[[ Dataset records, beginning ]]

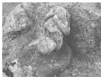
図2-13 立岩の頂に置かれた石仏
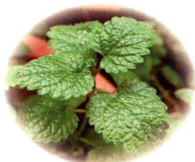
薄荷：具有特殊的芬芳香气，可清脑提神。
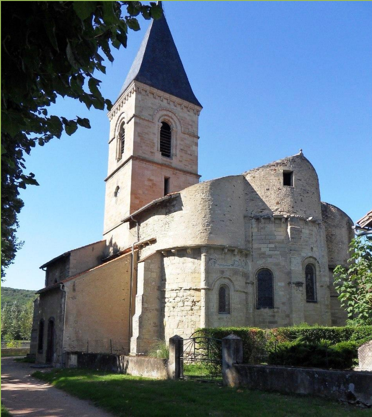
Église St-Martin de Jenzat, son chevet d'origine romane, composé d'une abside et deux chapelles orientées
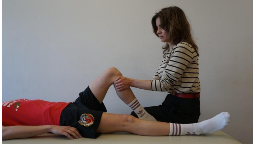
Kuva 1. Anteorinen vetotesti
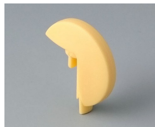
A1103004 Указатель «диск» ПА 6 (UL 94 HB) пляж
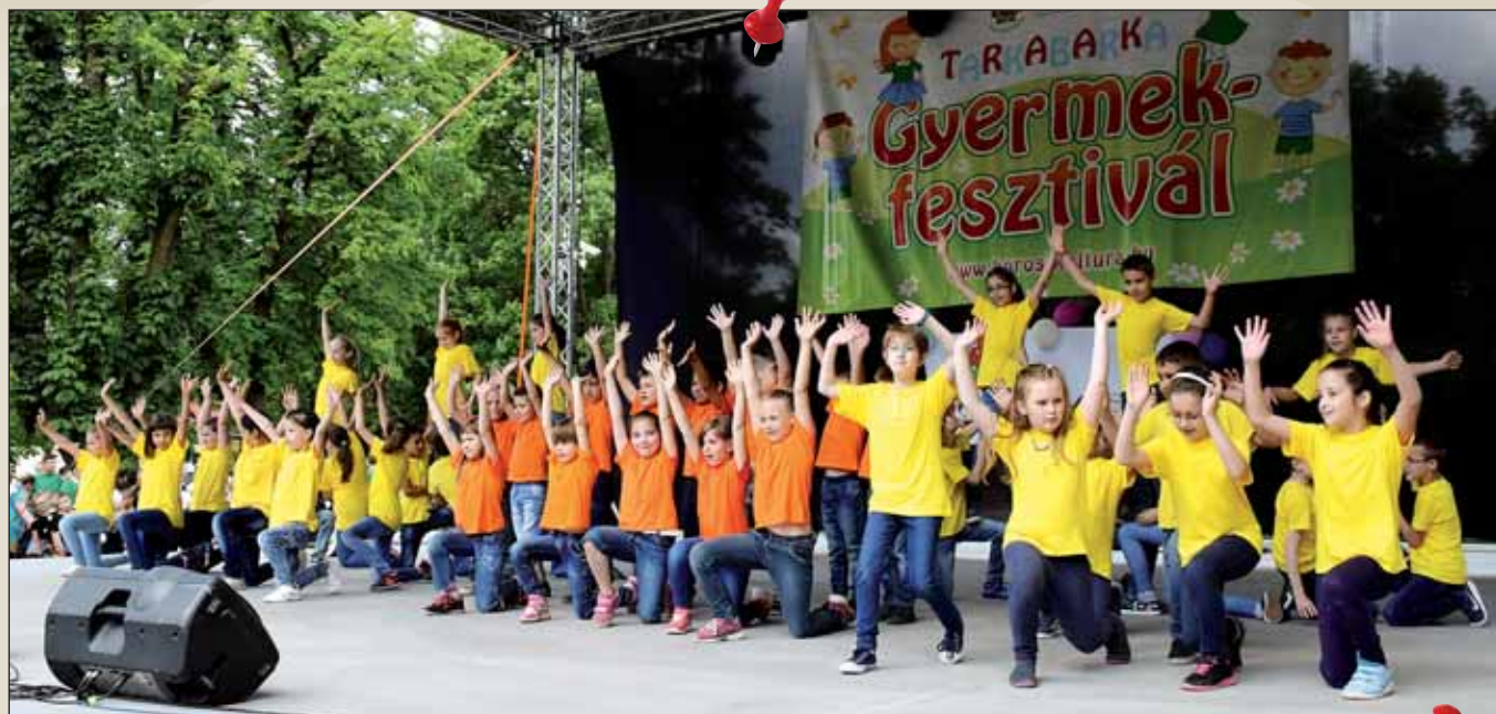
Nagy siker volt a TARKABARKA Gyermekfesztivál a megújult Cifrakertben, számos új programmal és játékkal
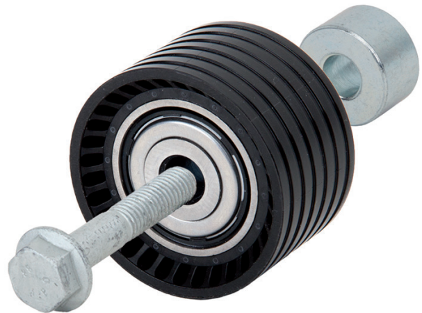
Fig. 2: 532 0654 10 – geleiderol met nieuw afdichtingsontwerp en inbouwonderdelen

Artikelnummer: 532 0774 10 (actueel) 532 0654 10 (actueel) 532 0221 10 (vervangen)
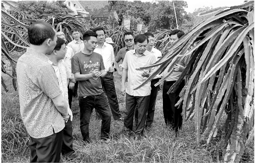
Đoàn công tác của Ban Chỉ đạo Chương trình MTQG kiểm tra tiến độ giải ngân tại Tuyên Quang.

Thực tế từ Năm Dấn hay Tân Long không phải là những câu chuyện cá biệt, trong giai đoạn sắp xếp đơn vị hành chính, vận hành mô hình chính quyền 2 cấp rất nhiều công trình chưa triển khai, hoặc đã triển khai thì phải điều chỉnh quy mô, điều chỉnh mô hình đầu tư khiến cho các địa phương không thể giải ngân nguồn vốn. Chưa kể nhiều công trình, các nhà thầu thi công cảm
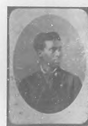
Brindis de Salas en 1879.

[[ Dataset records, end ]]

→ **Your task**
Output a verbatim copy of the lines from the line containing "Đoàn công tác" through the end of the data, both included, without any images.

→ **Result**
Đoàn công tác của Ban Chỉ đạo Chương trình MTQG kiểm tra tiến độ giải ngân tại Tuyên Quang.

Thực tế từ Năm Dấn hay Tân Long không phải là những câu chuyện cá biệt, trong giai đoạn sắp xếp đơn vị hành chính, vận hành mô hình chính quyền 2 cấp rất nhiều công trình chưa triển khai, hoặc đã triển khai thì phải điều chỉnh quy mô, điều chỉnh mô hình đầu tư khiến cho các địa phương không thể giải ngân nguồn vốn. Chưa kể nhiều công trình, các nhà thầu thi công cảm
Brindis de Salas en 1879.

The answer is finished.